• **Work task**:
Go to the line below that has "I have mixed", print it and each line after it exactly, and stop after the line that has "Calamaio in forma"; leave out pictures.

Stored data
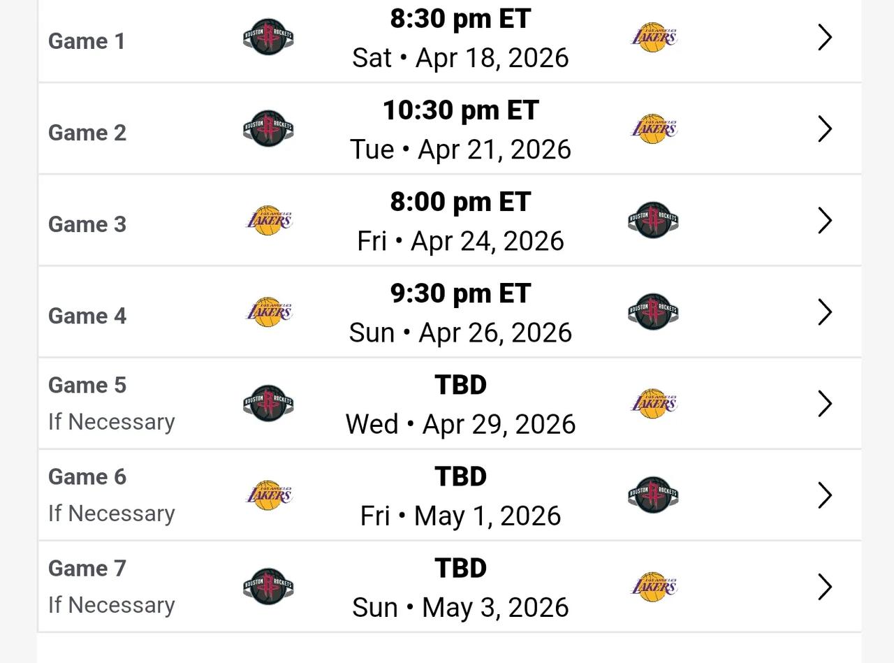 火箭和湖人的首轮比赛时间出来了,图片上的是美国时间,如果换算成北京时间的话,那就是
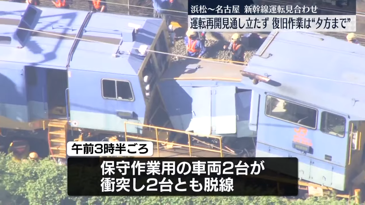 東海道新幹線、保守用の車両が衝突・脱線 本日中の運転再開見通し立たず
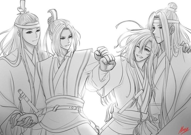 云梦双杰回来了,姑苏双壁也站在了云梦双杰旁,江澄一手放在蓝曦臣手里,一手和魏无羡打拳,蓝忘机和魏无羡抱着的,四人都笑的很甜
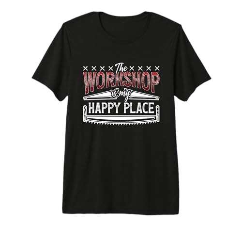 The Workshop is My Happy Place Loves Woodworking Carpenter Premium T-Shirt
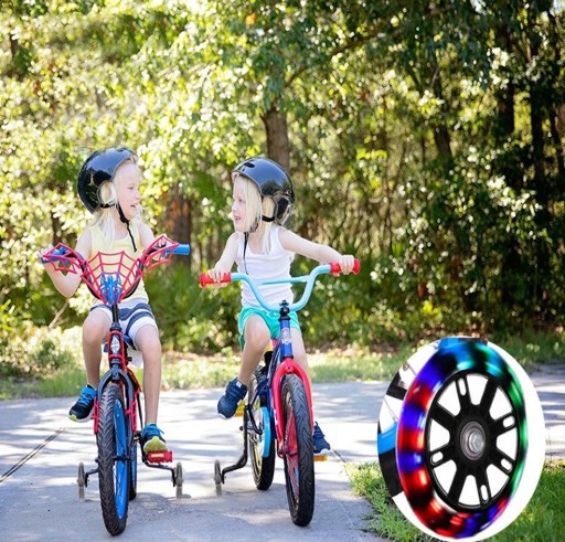 - Kółka do nauki jazdy będą się świecić podczas jazdy, dzięki czemu Twoje dziecko będzie bardziej widoczne i bezpieczne w nocy lub w ciemności. Ponadto fajny, podświetlany projekt sprawi, że dzieci będą zainteresowane nauką jazdy na rowerze.
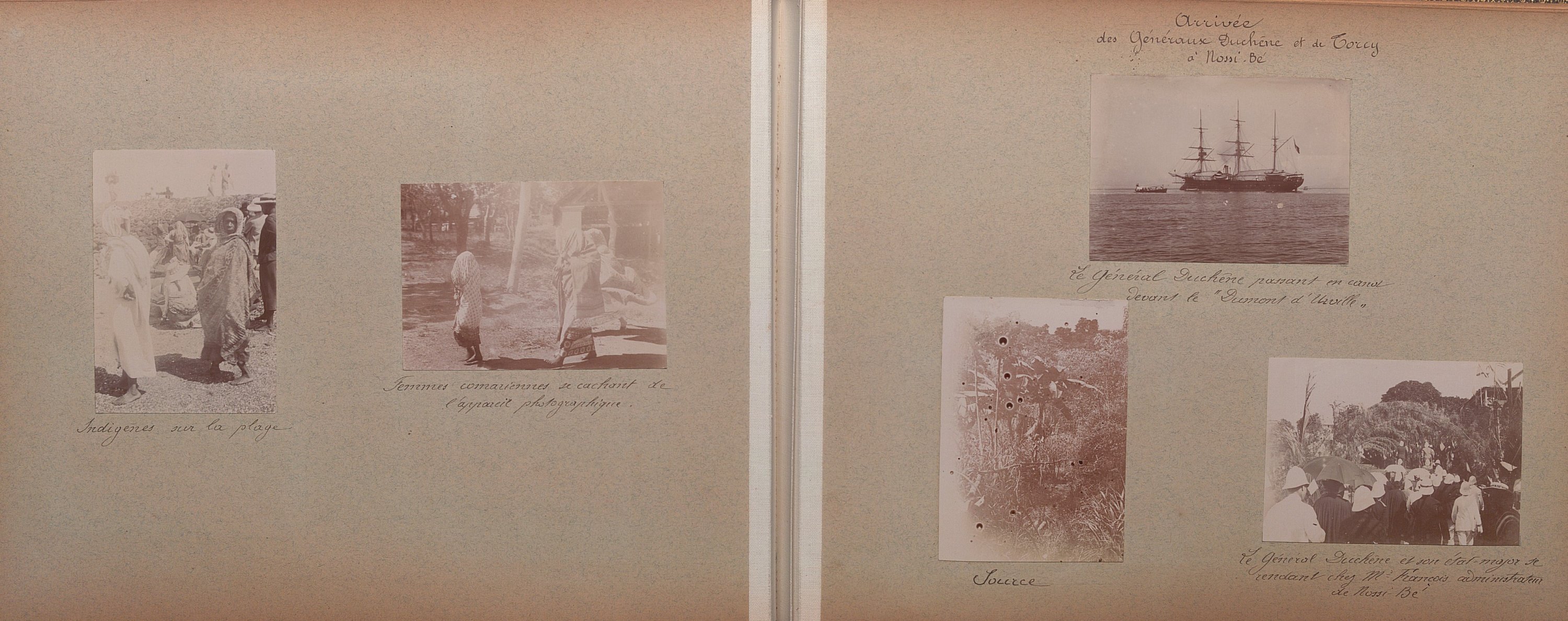 « En route pour Madagascar »: « Les colonels Bailloud, de Beylié, le Cdt de La Guillonière », groupes de soldats de différentes armes sur les pontons des bateaux, passage au Canal de Suez, escales à Obock (Djibouti), Zanzibar (rues, marché, troupes du Sultan, mosquées), Mayotte ;
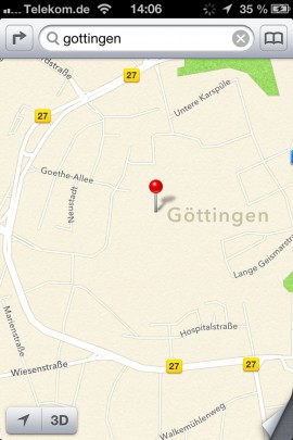 Im historischen Stadtzentrum von Göttingen soll es laut Spiegel-Online für Fußgänger nichts zu entdecken geben. Dem ist nicht so, denn wie in der Karten App üblich, muss näher herangezoomt werden, damit Fußgängerwege sichtbar sind. Diese Verfahrensweise macht auch durchaus mehr Sinn, als dauerhaft alle Straßen und Wege anzuzeigen.
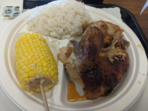 I have mixed feelings... the food was pretty plain but there was a lot of it. After dousing the chicken with sauce, and likewise the mound of plain rice, it was a decent meal. The teriyaki combo was skinless and cooked fine, but gave no hint of a rotisserie bird.
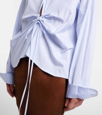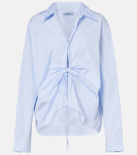 Prada embodies modern sophistication, blending timeless Italian craftsmanship with an innovative spirit. A modern take on a wardrobe staple, this shirt is made from lightweight cotton and is defined by gathered detailing in the front. Product Details - Material: 100% cotton - Care instructions: hand wash cold - Made in Italy - Designer color name: Light Blue - Item color: blue - Boning - Cuff: buttoned - Closure: button fastening, self-ties - Hem: uneven - Item number: P01124850 Size & Fit - True to size - Dropped shoulders - Designed for a loose fit - Non-stretchy fabric - Falls to the hip - The model seen in the picture is 178cm-5'10" and wearing a size IT 40
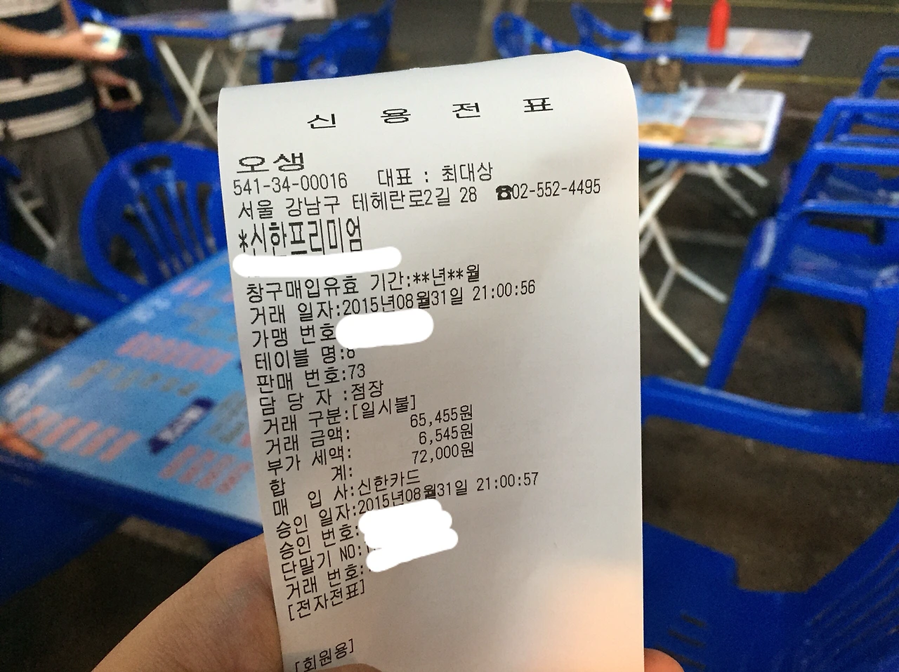 그런데 카드기의 서명판에 7만2천원이 찍혔다. 직원은 저도 모르게 "서명하세요"라고 말했다.
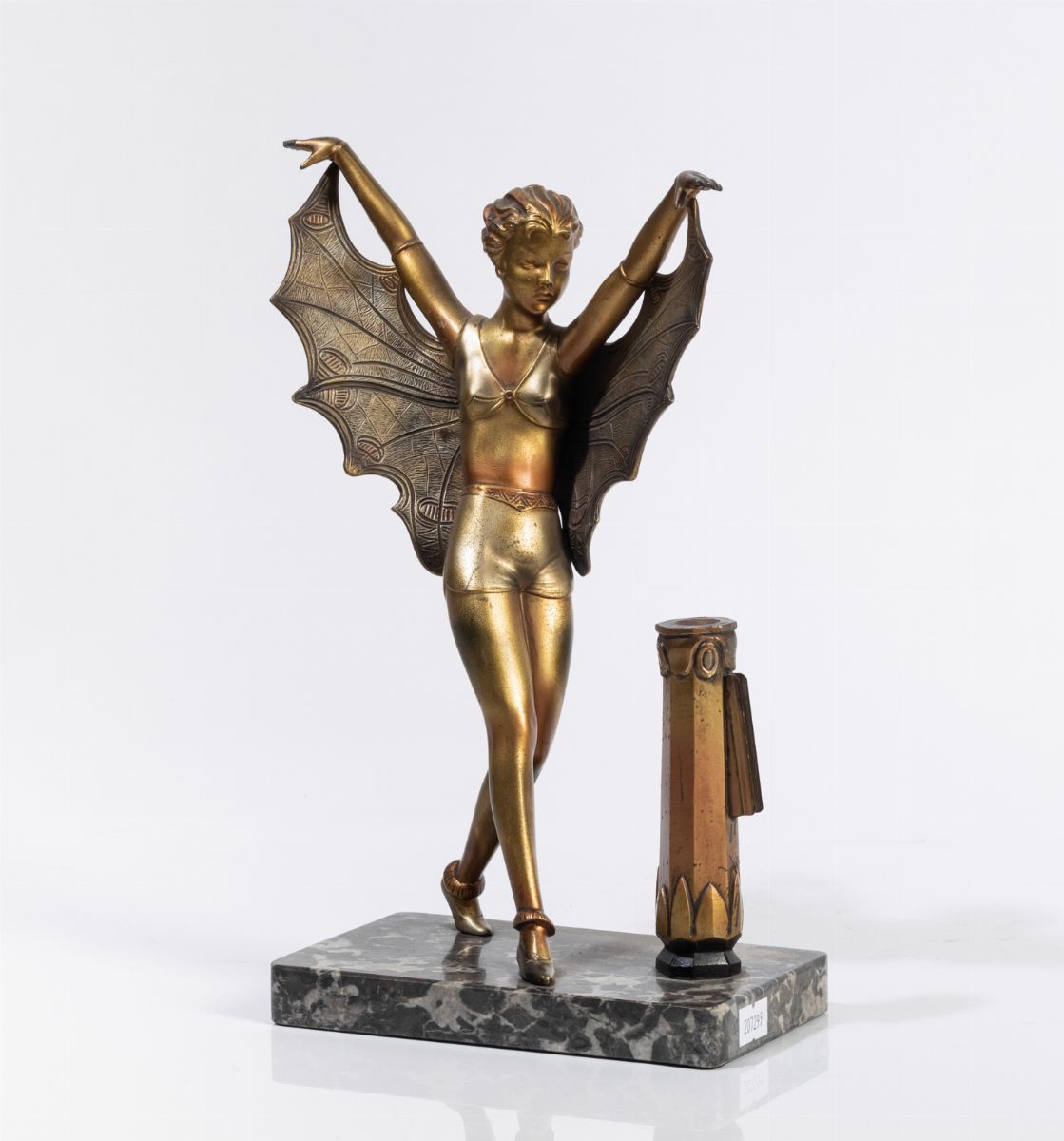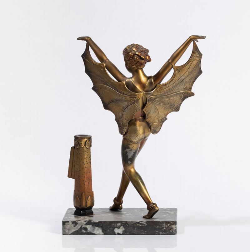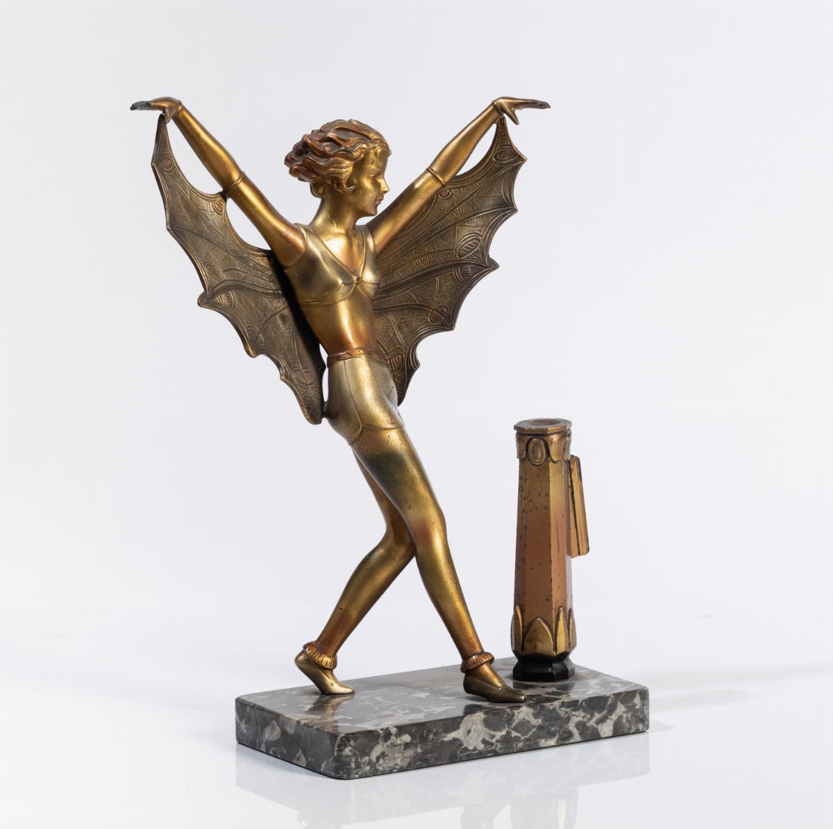 Calamaio in forma di danzatrice con colonnina in lega metallica su basamento in marmo.
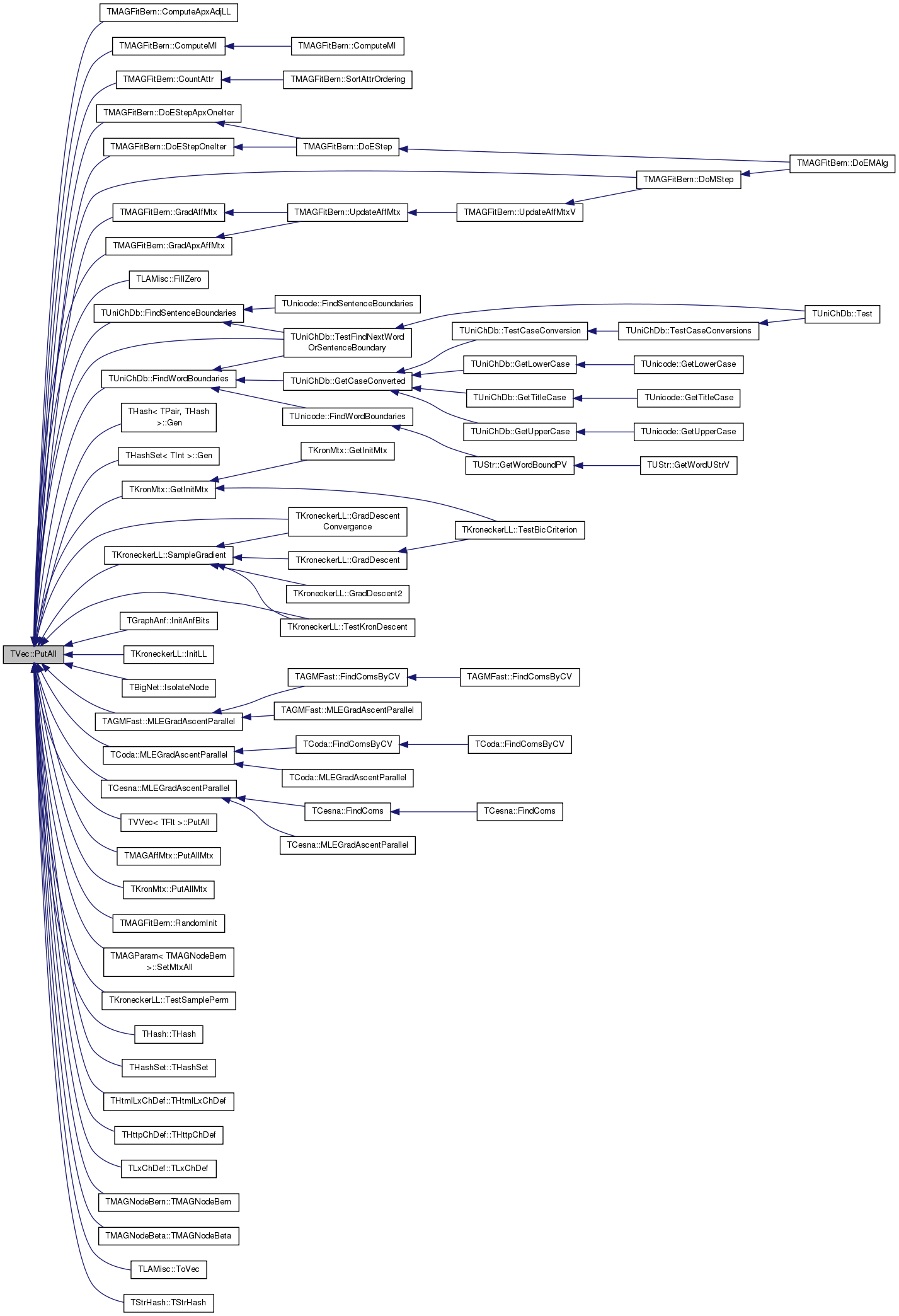 Referenced by TMAGFitBern::ComputeApxAdjLL(), TMAGFitBern::ComputeMI(), TMAGFitBern::CountAttr(), TMAGFitBern::DoEStepApxOneIter(), TMAGFitBern::DoEStepOneIter(), TMAGFitBern::DoMStep(), TLAMisc::FillZero(), TUniChDb::FindSentenceBoundaries(), TUniChDb::FindWordBoundaries(), THash< TPair, THash >::Gen(), THashSet< TInt >::Gen(), TKronMtx::GetInitMtx(), TMAGFitBern::GradAffMtx(), TMAGFitBern::GradApxAffMtx(), TKroneckerLL::GradDescentConvergence(), TGraphAnf< PGraph >::InitAnfBits(), TKroneckerLL::InitLL(), TBigNet< TNodeData, IsDir >::IsolateNode(), TAGMFast::MLEGradAscentParallel(), TCoda::MLEGradAscentParallel(), TCesna::MLEGradAscentParallel(), TVVec< TFlt >::PutAll(), TMAGAffMtx::PutAllMtx(), TKronMtx::PutAllMtx(), TMAGFitBern::RandomInit(), TKroneckerLL::SampleGradient(), TMAGParam< TMAGNodeBern >::SetMtxAll(), TUniChDb::TestFindNextWordOrSentenceBoundary(), TKroneckerLL::TestKronDescent(), TKroneckerLL::TestSamplePerm(), THash< TKey, TDat, THashFunc >::THash(), THashSet< TKey, THashFunc >::THashSet(), THtmlLxChDef::THtmlLxChDef(), THttpChDef::THttpChDef(), TLxChDef::TLxChDef(), TMAGNodeBern::TMAGNodeBern(), TMAGNodeBeta::TMAGNodeBeta(), TLAMisc::ToVec(), and TStrHash< TDat, TStringPool, THashFunc >::TStrHash().
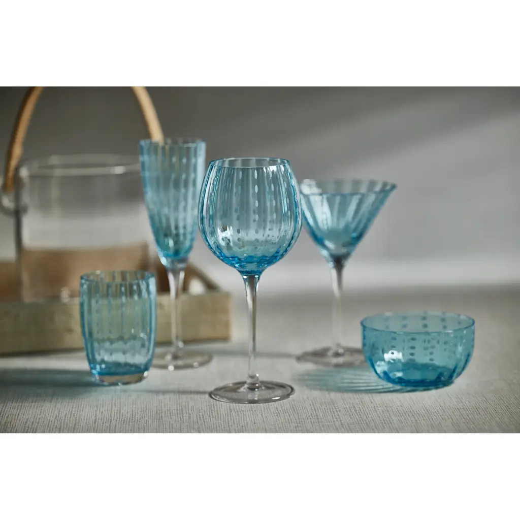 Pescara White Dot Wine Glasses, Set Of 4 - Aqua Blue

• **Solution**:
 I have mixed feelings... the food was pretty plain but there was a lot of it. After dousing the chicken with sauce, and likewise the mound of plain rice, it was a decent meal. The teriyaki combo was skinless and cooked fine, but gave no hint of a rotisserie bird.
 Prada embodies modern sophistication, blending timeless Italian craftsmanship with an innovative spirit. A modern take on a wardrobe staple, this shirt is made from lightweight cotton and is defined by gathered detailing in the front. Product Details - Material: 100% cotton - Care instructions: hand wash cold - Made in Italy - Designer color name: Light Blue - Item color: blue - Boning - Cuff: buttoned - Closure: button fastening, self-ties - Hem: uneven - Item number: P01124850 Size & Fit - True to size - Dropped shoulders - Designed for a loose fit - Non-stretchy fabric - Falls to the hip - The model seen in the picture is 178cm-5'10" and wearing a size IT 40
 그런데 카드기의 서명판에 7만2천원이 찍혔다. 직원은 저도 모르게 "서명하세요"라고 말했다.
 Calamaio in forma di danzatrice con colonnina in lega metallica su basamento in marmo.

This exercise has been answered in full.